=== What you need to do ===
The stretch from the line with "Figure 2: Two" through the line with "This conceptual framework" in the records below: write it out exactly, and nothing else.

=== Dataset extract ===
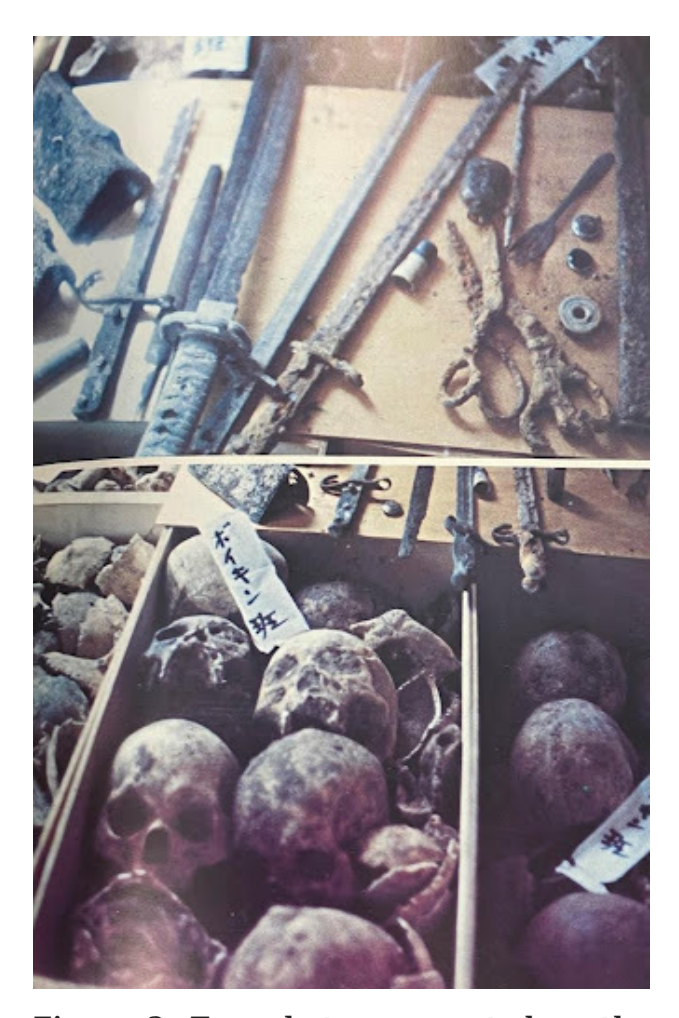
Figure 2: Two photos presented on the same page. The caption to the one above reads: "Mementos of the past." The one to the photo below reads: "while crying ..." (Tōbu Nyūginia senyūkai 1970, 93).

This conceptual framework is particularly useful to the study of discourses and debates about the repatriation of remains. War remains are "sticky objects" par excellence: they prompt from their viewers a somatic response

---

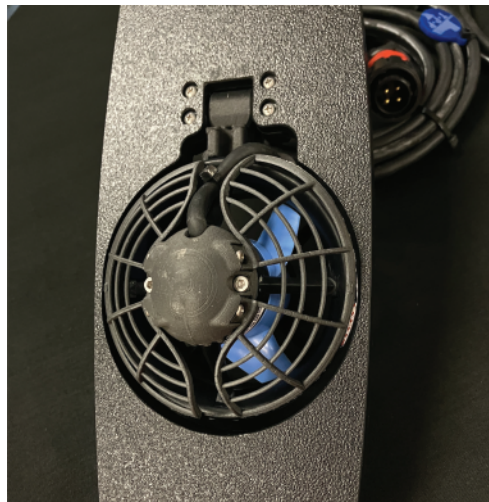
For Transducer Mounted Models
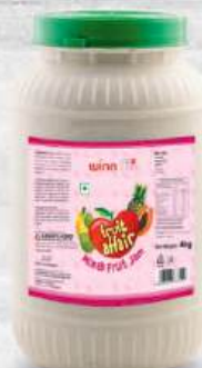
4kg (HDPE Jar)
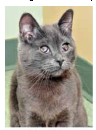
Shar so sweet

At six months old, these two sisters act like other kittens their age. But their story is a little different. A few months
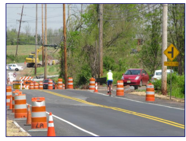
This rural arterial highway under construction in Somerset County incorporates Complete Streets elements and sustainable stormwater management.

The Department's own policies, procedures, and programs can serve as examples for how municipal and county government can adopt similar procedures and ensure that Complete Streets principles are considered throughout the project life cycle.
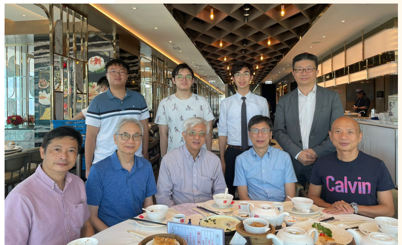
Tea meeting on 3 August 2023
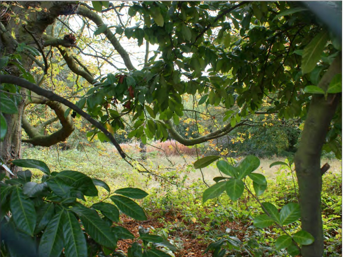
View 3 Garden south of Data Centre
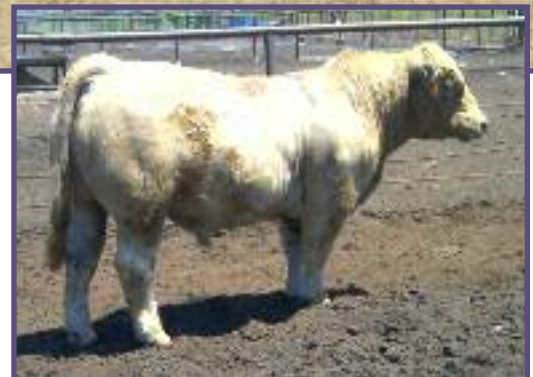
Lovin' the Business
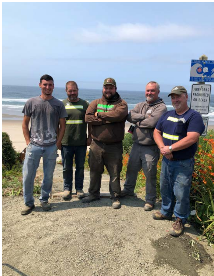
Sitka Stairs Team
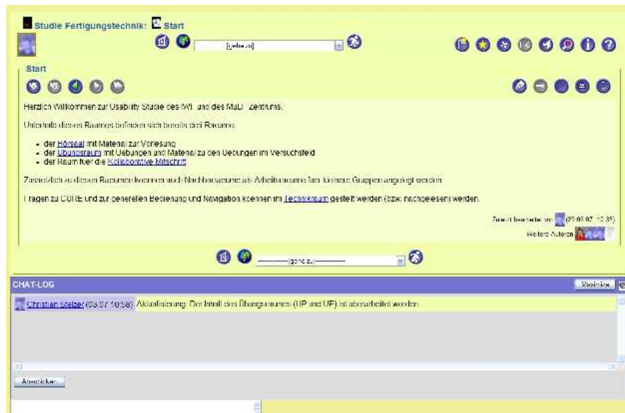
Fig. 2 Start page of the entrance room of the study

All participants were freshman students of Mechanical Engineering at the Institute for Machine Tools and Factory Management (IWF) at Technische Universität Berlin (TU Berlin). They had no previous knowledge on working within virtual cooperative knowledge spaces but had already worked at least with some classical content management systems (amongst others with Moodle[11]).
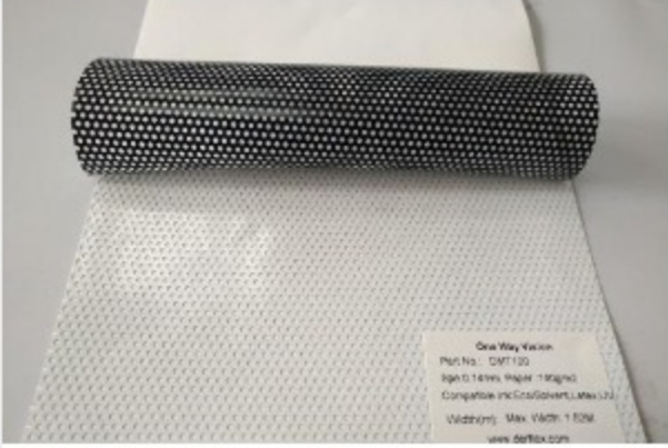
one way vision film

==

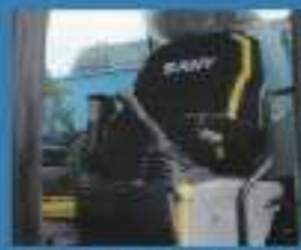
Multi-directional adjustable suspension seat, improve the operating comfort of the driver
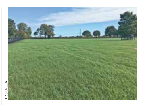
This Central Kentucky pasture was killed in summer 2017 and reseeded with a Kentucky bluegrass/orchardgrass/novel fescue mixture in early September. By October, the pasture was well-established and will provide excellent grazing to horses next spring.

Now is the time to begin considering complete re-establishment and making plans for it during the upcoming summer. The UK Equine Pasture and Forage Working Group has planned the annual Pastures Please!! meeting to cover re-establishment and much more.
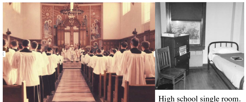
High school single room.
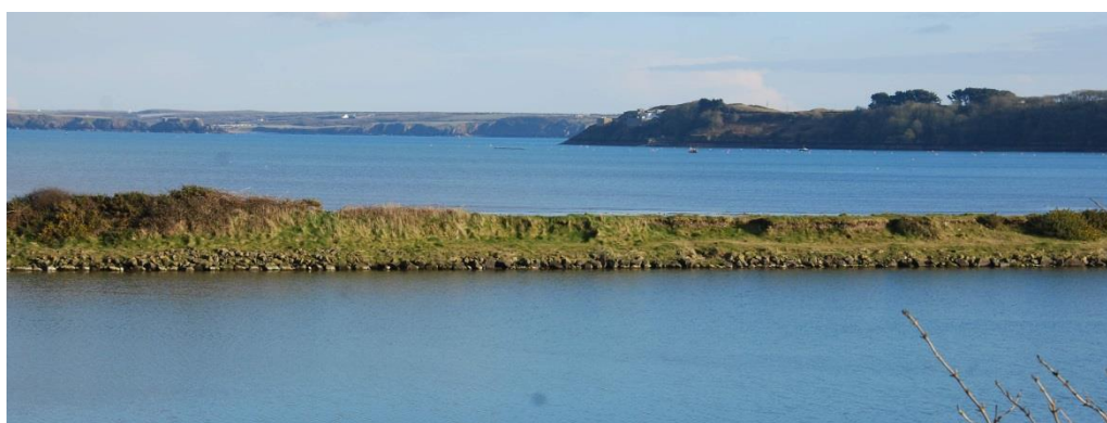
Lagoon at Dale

=== Task response ===
Figure 2: Two photos presented on the same page. The caption to the one above reads: "Mementos of the past." The one to the photo below reads: "while crying ..." (Tōbu Nyūginia senyūkai 1970, 93).

This conceptual framework is particularly useful to the study of discourses and debates about the repatriation of remains. War remains are "sticky objects" par excellence: they prompt from their viewers a somatic response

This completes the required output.